Читаем Повседневная жизнь блокадного Ленинграда полностью

Отсутствие мыла старались восполнить щелочными средствами, которые оборачивали тряпками, но они сильно разъедали руки. Поскольку не хватало бинтов и марли, размачивали в растворах использованные гипсовые материалы, затем они простирывались. Не все нуждавшиеся имели костыли (особенно дефицитными стали детские костыли). Скудным был ассортимент медикаментов. В госпитале на Менделеевской линии раны приходилось коптить дымом. Не все были обеспечены теплой запасной одеждой, обувью, варежками, шерстяными носками{635}. В докладной записке военного отдела ГК ВКП(б) (март 1942 года) отмечалось, что в госпиталях «ухудшилось питание, прекратилась стирка и смена белья, бойцы не обмывались, появилась среди раненых и больных вшивость, упало санитарное состояние… (прекращение работы уборных, умывальников и т. д.)»{636}. А.Н. Болдырев в начале 1942 года видел в одном из госпиталей, считавшемся лучшим в городе, уборную, загаженную «в навал, холодную»{637}.

Положение в госпиталях и больницах начало меняться со второй половины весны 1942 года. Связано это было во многом с улучшением питания в городе и ремонтом водопроводов, использованием деревянных заборов и домов в качестве дров для отопления больниц и госпиталей, а также с эвакуацией в тыл тяжелобольных, которых не могли вывезти из города до открытия ледовой трассы. Нельзя не отметить и шефскую помощь предприятий, школ и учреждений. Шефская работа имела свои спады и подъемы, обусловленные положением в городе, но даже и в «смертное время» она не прекращалась. Отдавали или шили теплую одежду для больных, собирали подарки, посуду (ее ле хватало в больницах). Пациентам читали книги и газеты, помогали писать письма. Дети порой давали концерты{638}. Их часто видели в госпиталях в сентябре—октябре 1942 года. «Иногда нам дают несложную работу: скручивать бинты, делать тампоны. Один раз мыли посуду», — вспоминала школьница Г. К Зимницкая{639}. К госпиталям весной 1942 года было «прикреплено» 351 городское предприятие.
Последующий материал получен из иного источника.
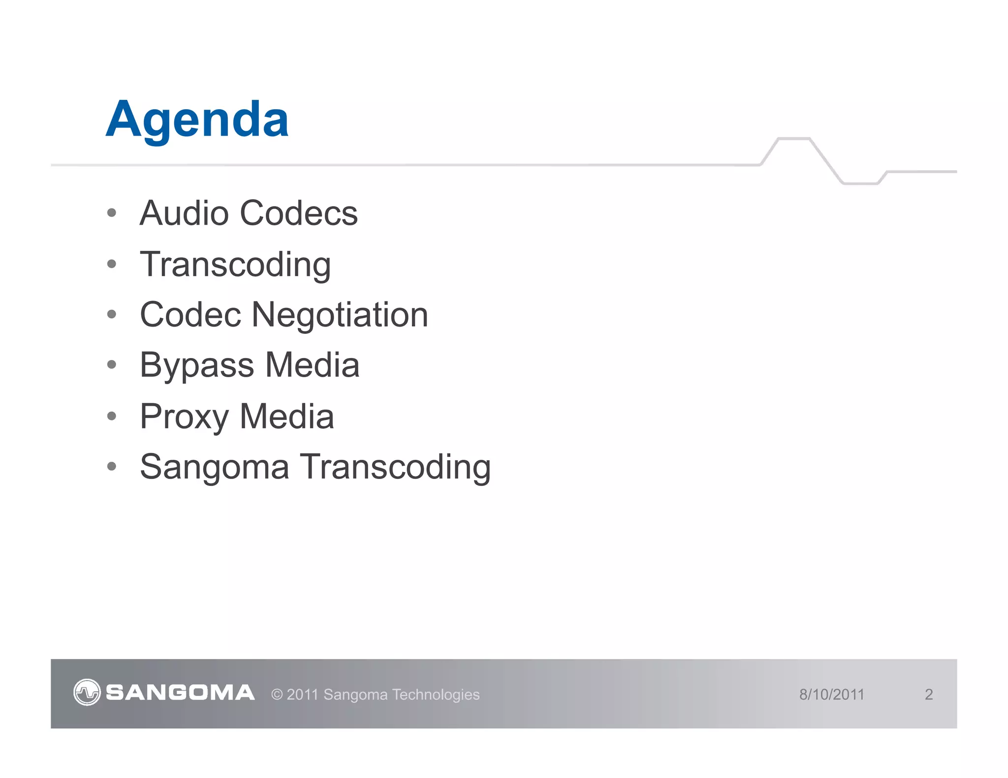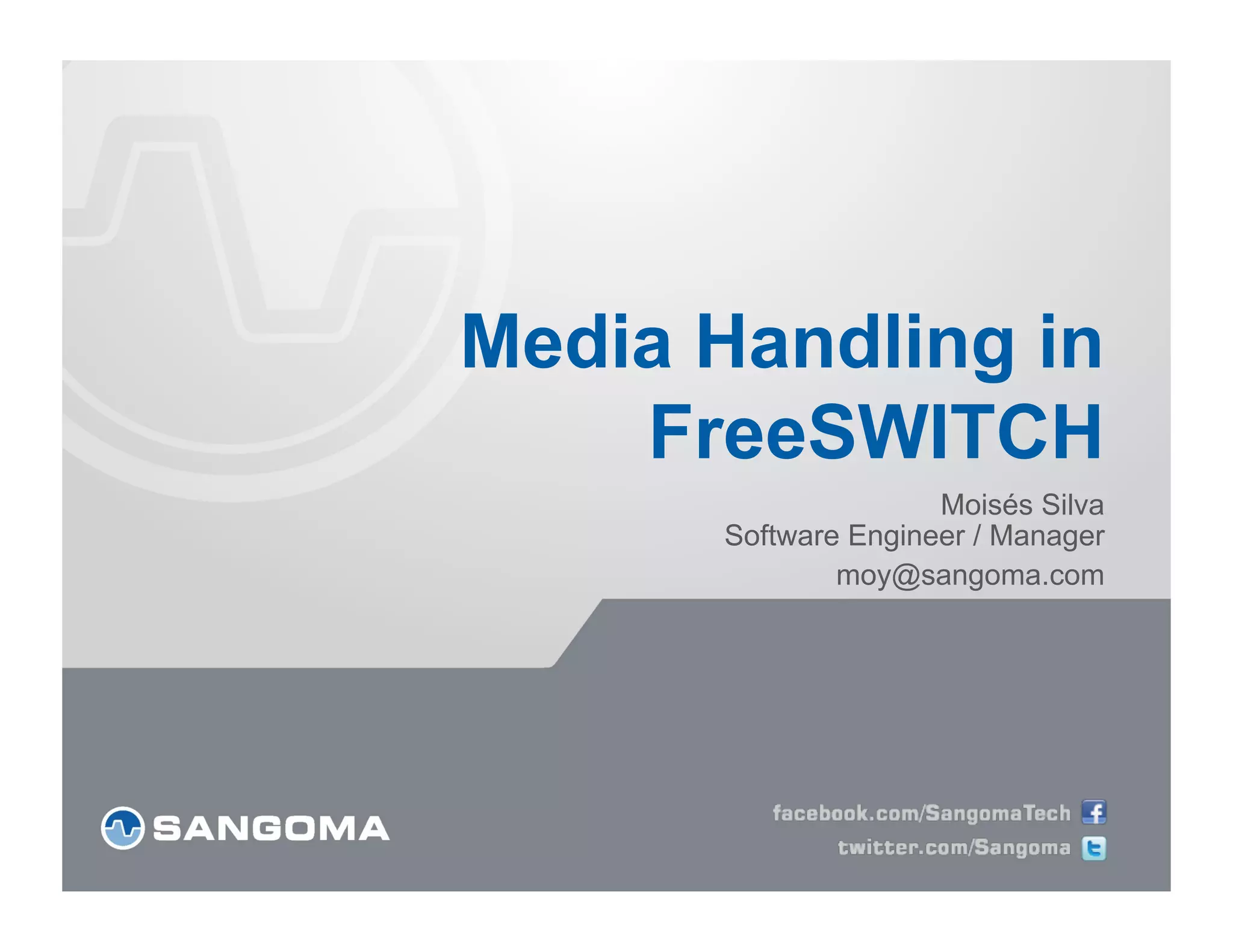 This document discusses media handling in FreeSWITCH. It covers topics like audio codecs, transcoding, codec negotiation, bypass media, proxy media, and Sangoma transcoding. The document provides details on common audio codecs supported by FreeSWITCH, how transcoding works in FreeSWITCH, codec negotiation algorithms, different media modes like bypass and proxy media, and Sangoma hardware transcoding cards. It aims to give an overview of key concepts around media and codecs in FreeSWITCH.

На них создавались бригады, которые помогали убирать палаты, стирать белье{640}; летом 1942 года обязали предприятия отдавать часть урожая с их огородов лечебным учреждениям. Конечно, при этом не могло не возникнуть трений, — как вспоминала директор фабрики «Светоч» А.П. Алексеева, «когда мы делили урожай, мы даже с госпиталем ссорились… хотели им дать поменьше картофеля»{641}. Это объяснимо, все были голодны и, наверное, делились с другими людьми порой неохотно, — но делились и отдавали продукты, хотя и не без колебаний. И несли из домов свою посуду и, будучи сами истощенными, мыли полы. Особо хочется отметить помощь прихожан и священнослужителей. Никто не принуждал их к оказанию шефской помощи, но и они, движимые чувством милосердия и сострадания, как могли пытались смягчить муки несчастных людей, пытавшихся выжить в больницах и госпиталях. Около ста полотенец, бинты, теплая одежда были собраны приходом Спасо-Преображенского собора и переданы в больницы и госпитали{642}.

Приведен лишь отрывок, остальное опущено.